- Source records -
BEGIN

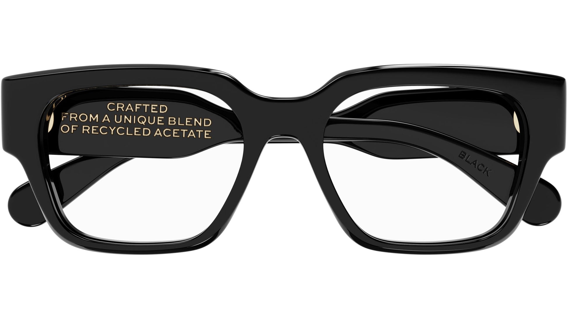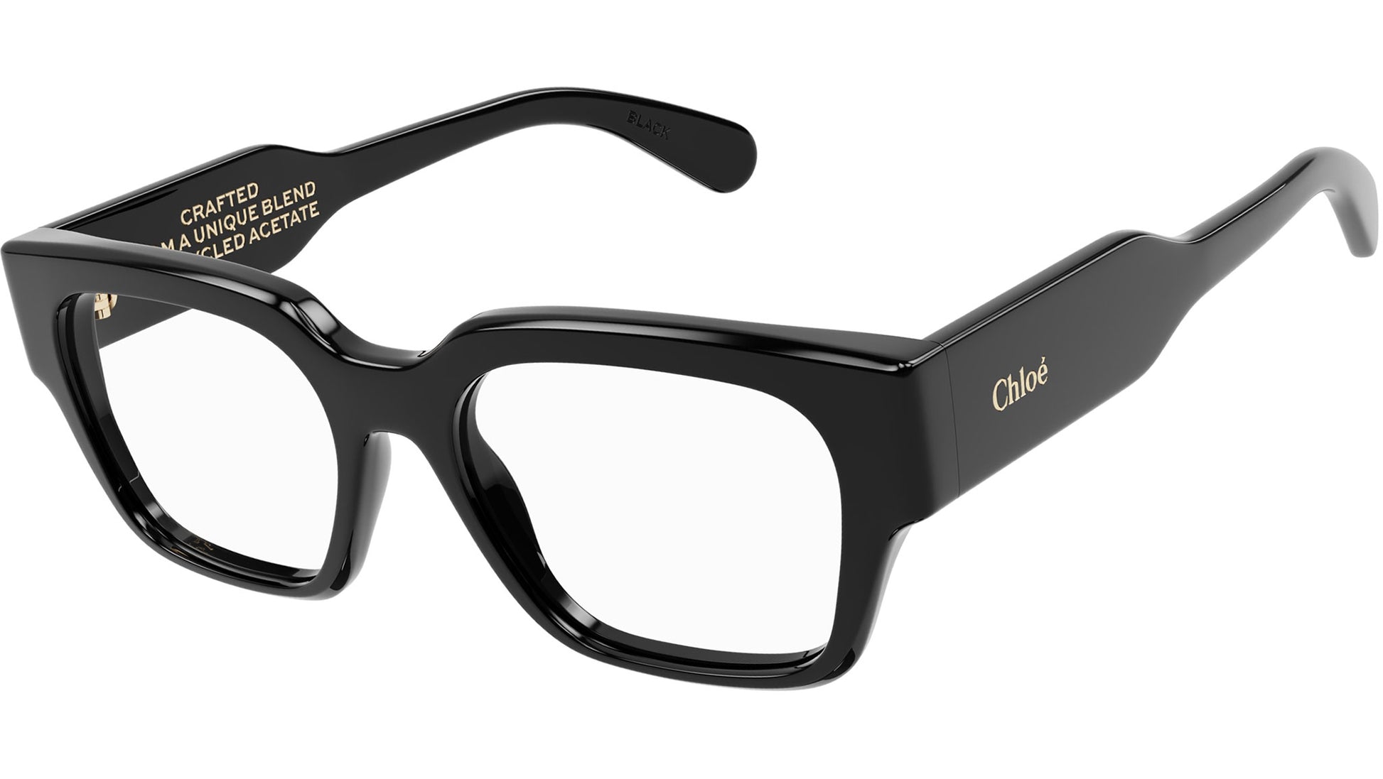Chloé CH0150O 001 glasses for women, featuring shiny solid black rectangular recycled acetate frame and demo lenses. Brand line: Chloé. Style code: CH0150O. Color code: 001. Made in Italy. Authorized Chloé online reseller. Your glasses will include the original case and accessories and are covered by a 12-month global warranty.
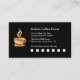 This coffee shop loyalty business card template a golden coffee cup graphic, customer loyalty check off box template, and organised design you can customise online. Designed for a coffee house, breakfast restaurant, or tea time boutique.
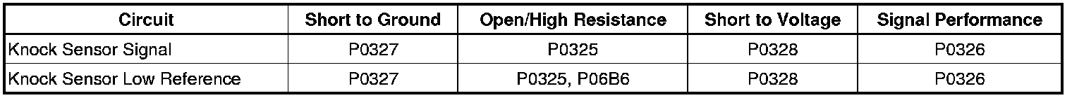 The ECM detects that a knock sensor signal circuit is shorted to ground.
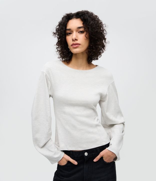 Blusa Regular com Manga Longa Ampla Off White
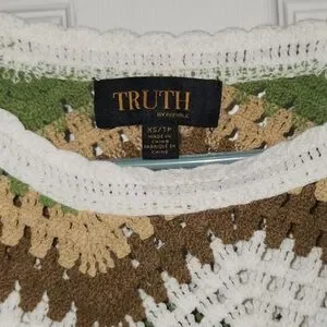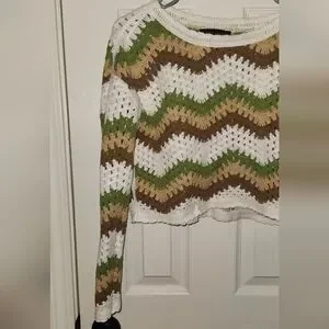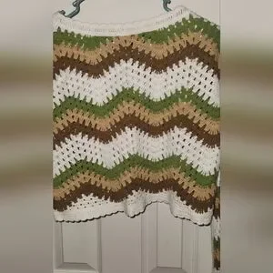 Truth by Republic Green Brown White Chevron Cropped Crochet Sweater
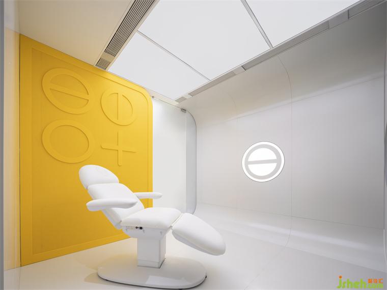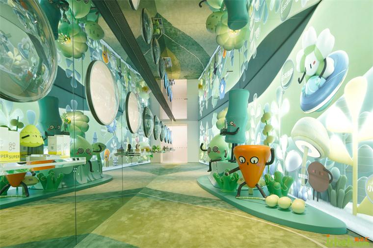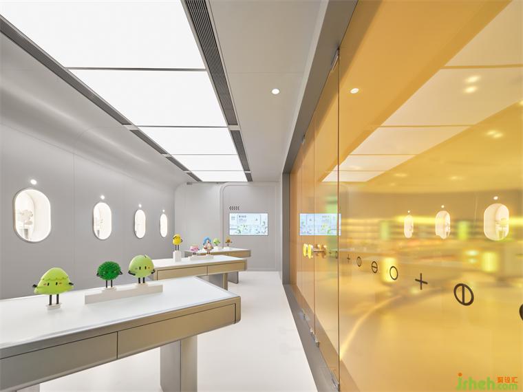 在空間動線的末端,設(shè)計師不忘緊扣腳本,將消費者帶入到故事腳本的高潮部分。設(shè)計師巧妙地將品牌的植物IP以裝置藝術(shù)的設(shè)計手法融入狹長的回廊中,通過動態(tài)燈箱模擬植物在實驗室中場景,裝修設(shè)計光源的閃動模擬植物呼吸的韻律,展現(xiàn)出植物蓬勃生長的強大能量。在沉浸式的場景中,消費者潛移默化地將植物的生長律動與品牌強調(diào)的天然純粹進行聯(lián)想,裝修設(shè)計從而對品牌有了更清晰和深入的感知。

END

- TASK PROMPT -
Nothing may be altered when you restate the records, but every picture must be dropped.

- TASK RESULT -
Chloé CH0150O 001 glasses for women, featuring shiny solid black rectangular recycled acetate frame and demo lenses. Brand line: Chloé. Style code: CH0150O. Color code: 001. Made in Italy. Authorized Chloé online reseller. Your glasses will include the original case and accessories and are covered by a 12-month global warranty.
 This coffee shop loyalty business card template a golden coffee cup graphic, customer loyalty check off box template, and organised design you can customise online. Designed for a coffee house, breakfast restaurant, or tea time boutique.
 The ECM detects that a knock sensor signal circuit is shorted to ground.
 Blusa Regular com Manga Longa Ampla Off White
 Truth by Republic Green Brown White Chevron Cropped Crochet Sweater
 在空間動線的末端,設(shè)計師不忘緊扣腳本,將消費者帶入到故事腳本的高潮部分。設(shè)計師巧妙地將品牌的植物IP以裝置藝術(shù)的設(shè)計手法融入狹長的回廊中,通過動態(tài)燈箱模擬植物在實驗室中場景,裝修設(shè)計光源的閃動模擬植物呼吸的韻律,展現(xiàn)出植物蓬勃生長的強大能量。在沉浸式的場景中,消費者潛移默化地將植物的生長律動與品牌強調(diào)的天然純粹進行聯(lián)想,裝修設(shè)計從而對品牌有了更清晰和深入的感知。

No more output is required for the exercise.